## WHAT THE EXERCISE ASKS
Which lines run from the one with "Sencha, ананас, киви, папайя, синий" through the end of the data? Retype them exactly, without pictures.

## RECORD SET
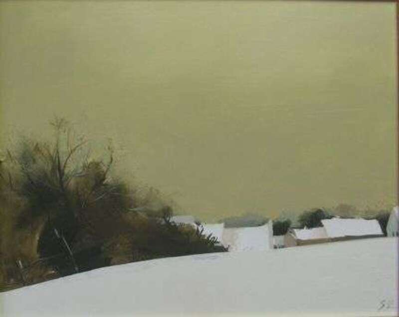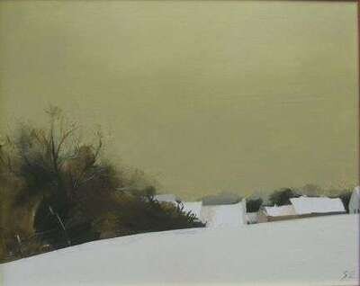 SERGE ZHUKOV (AMERICAN 20TH CENTURY) "HOUSES IN THE SNOW"
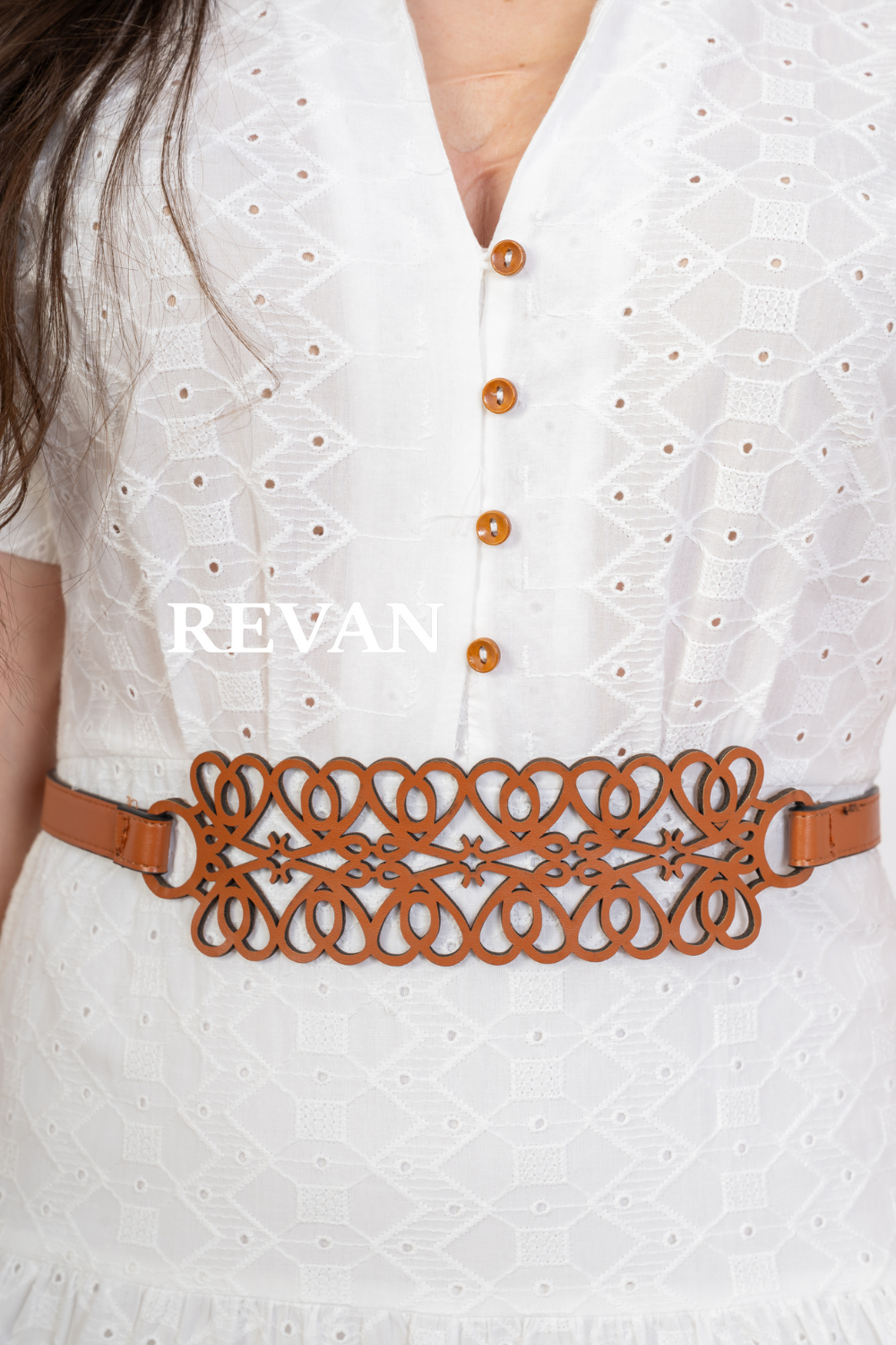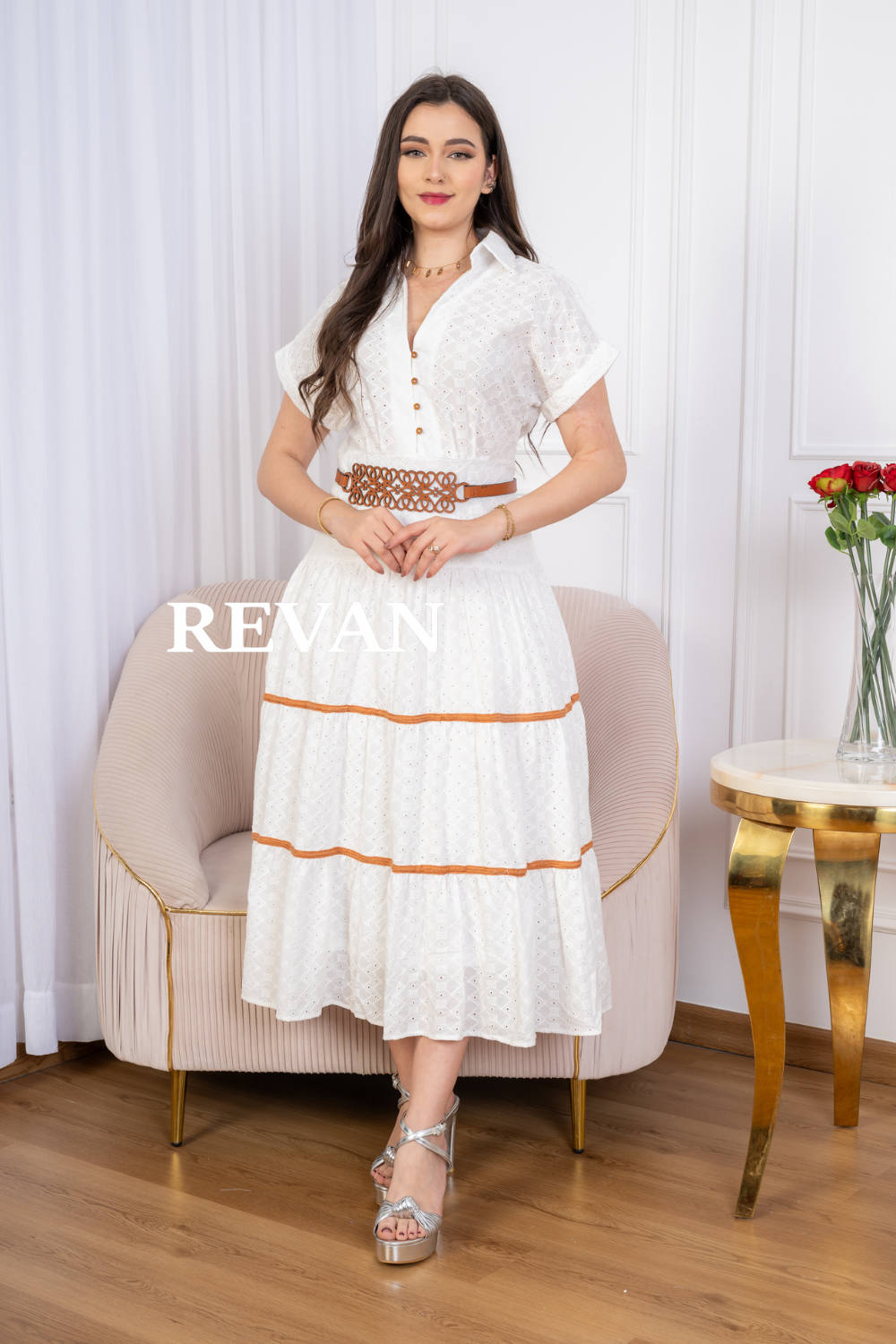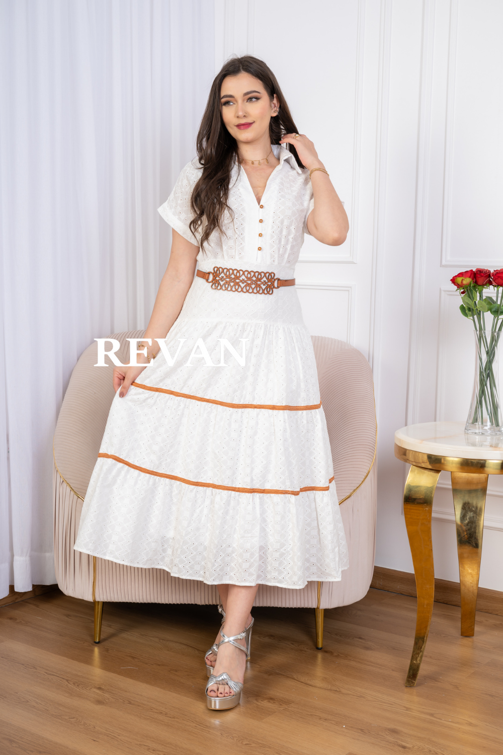 تميزي بإطلالة منعشة وأنيقة مع هذا الفستان الأبيض المميز، بتصميم مريح وعصري مزين بتفاصيل ناعمة تمنحك إحساساً بالرقي والأنوثة، مع لمسات باللون البني لإضفاء لمسة من التميز.
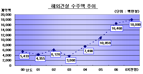건교부는 내년에도 수주 상승세가 지속돼 180억달러 이상을 수주할 것이며, 우리 기업들의 수주경쟁력과 세계 시장상황 등을 고려할 때 향후 연간 150억~200억달러대의 수주를 지속할 것으로 내다봤다.
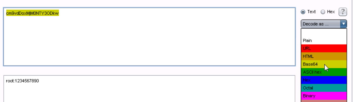 16、粘贴在decoder下,选择decode as base64,可以看到用户名密码为root:1234567890,登录。
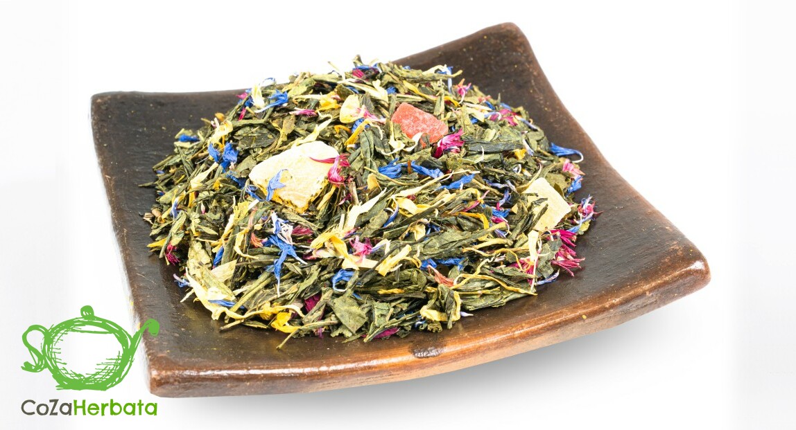 Sencha, ананас, киви, папайя, синий и розовый, календула, аромат
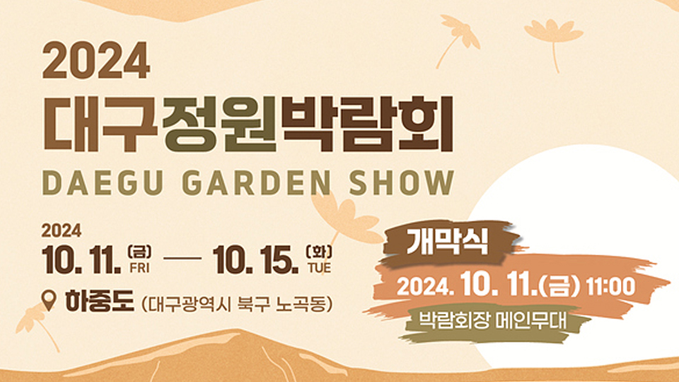 2024 대구정원박람회가 10월 11일부터 15일까지 닷새간 금호강 하중도에서 열립니다.
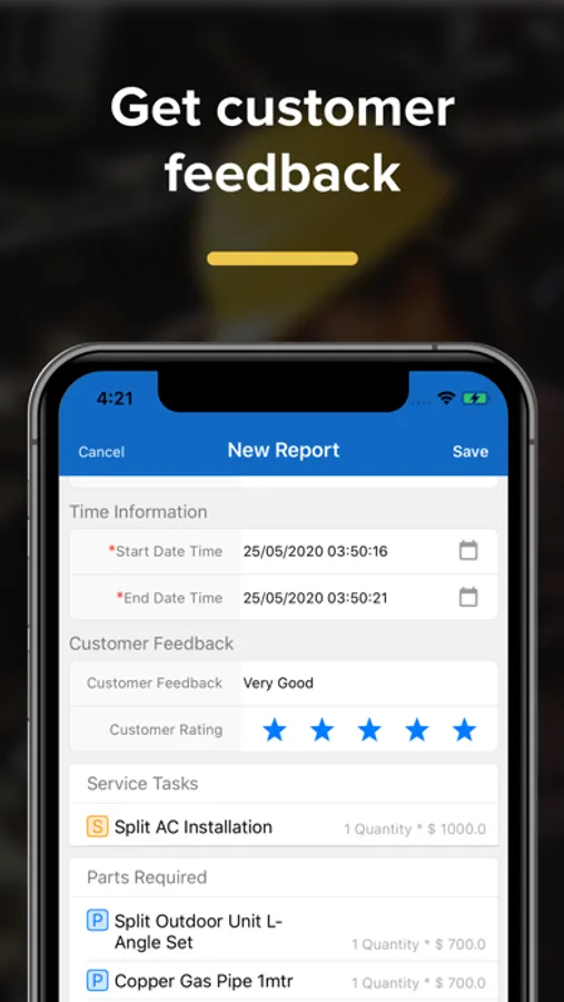 Update service reports and get customer feedback on the spot. Get the customer's signature right on your device and provide a smooth customer experience from beginning to end.

## RESPONSE TO THE TASK
 Sencha, ананас, киви, папайя, синий и розовый, календула, аромат
 2024 대구정원박람회가 10월 11일부터 15일까지 닷새간 금호강 하중도에서 열립니다.
 Update service reports and get customer feedback on the spot. Get the customer's signature right on your device and provide a smooth customer experience from beginning to end.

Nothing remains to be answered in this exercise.